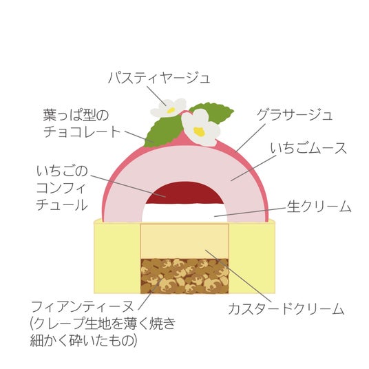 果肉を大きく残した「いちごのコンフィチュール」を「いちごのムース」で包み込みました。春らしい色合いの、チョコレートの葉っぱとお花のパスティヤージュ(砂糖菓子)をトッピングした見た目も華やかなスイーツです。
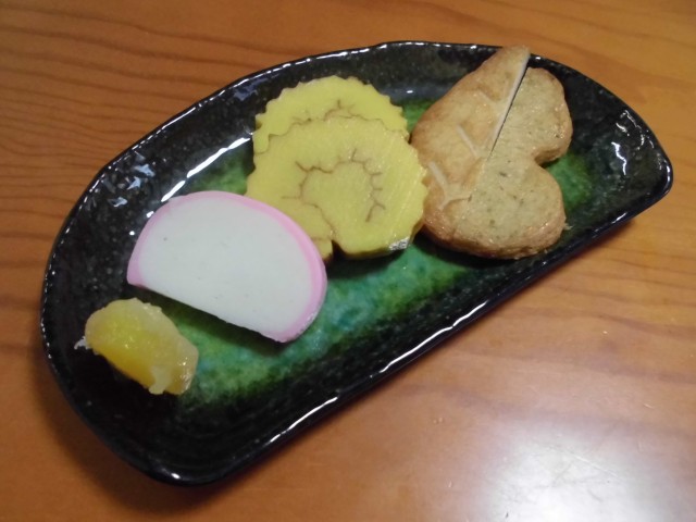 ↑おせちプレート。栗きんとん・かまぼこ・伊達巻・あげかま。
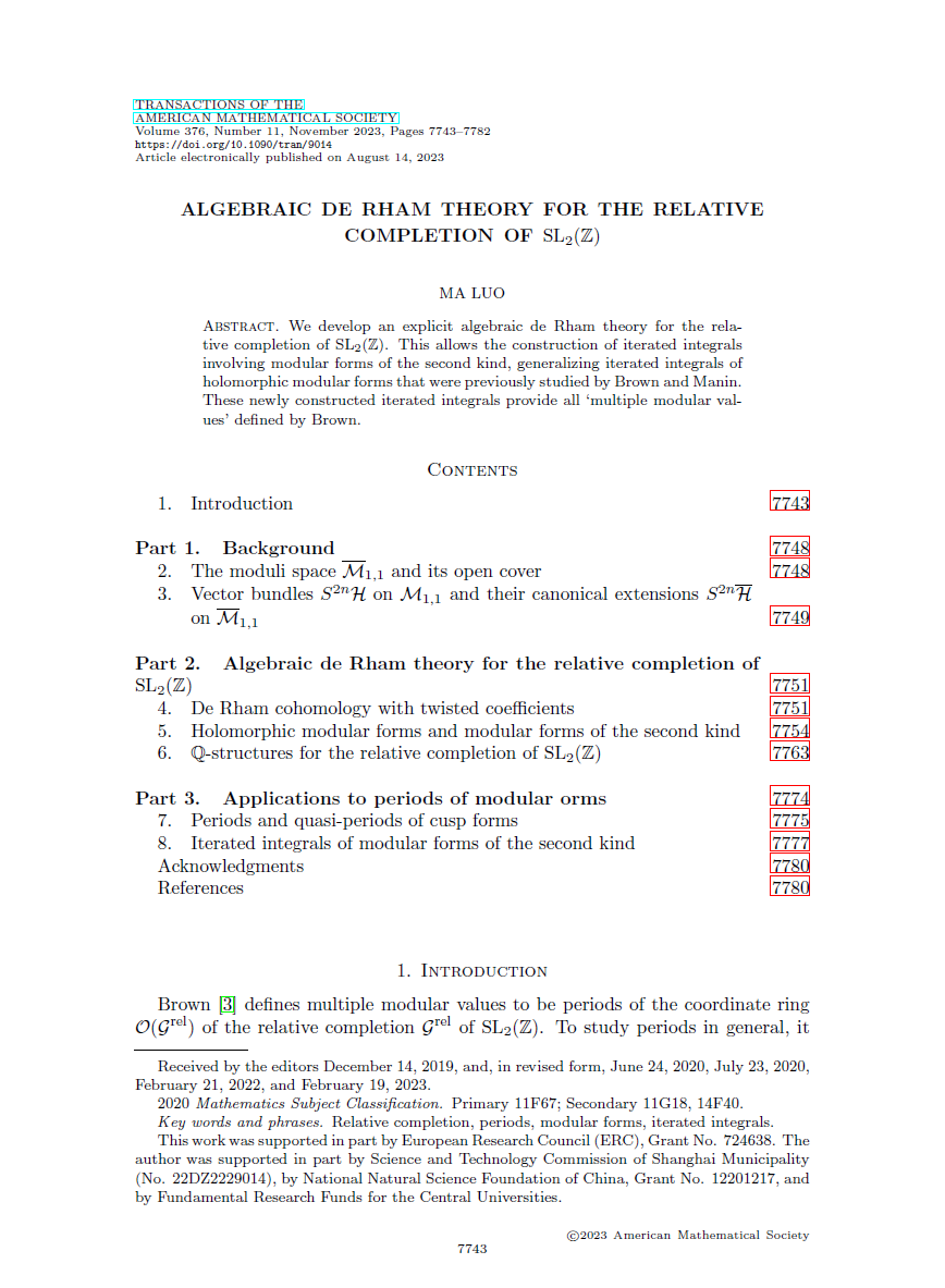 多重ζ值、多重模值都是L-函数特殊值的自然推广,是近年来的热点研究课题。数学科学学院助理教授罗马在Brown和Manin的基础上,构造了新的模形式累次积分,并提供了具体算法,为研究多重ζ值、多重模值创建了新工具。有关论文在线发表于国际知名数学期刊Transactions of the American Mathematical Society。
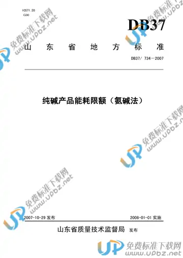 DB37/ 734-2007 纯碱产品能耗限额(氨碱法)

- WHAT YOU HAVE TO DO:
Without the pictures, repeat every line of the material above exactly.

- SOLUTION TO THIS TASK:
 果肉を大きく残した「いちごのコンフィチュール」を「いちごのムース」で包み込みました。春らしい色合いの、チョコレートの葉っぱとお花のパスティヤージュ(砂糖菓子)をトッピングした見た目も華やかなスイーツです。
 ↑おせちプレート。栗きんとん・かまぼこ・伊達巻・あげかま。
 多重ζ值、多重模值都是L-函数特殊值的自然推广,是近年来的热点研究课题。数学科学学院助理教授罗马在Brown和Manin的基础上,构造了新的模形式累次积分,并提供了具体算法,为研究多重ζ值、多重模值创建了新工具。有关论文在线发表于国际知名数学期刊Transactions of the American Mathematical Society。
 DB37/ 734-2007 纯碱产品能耗限额(氨碱法)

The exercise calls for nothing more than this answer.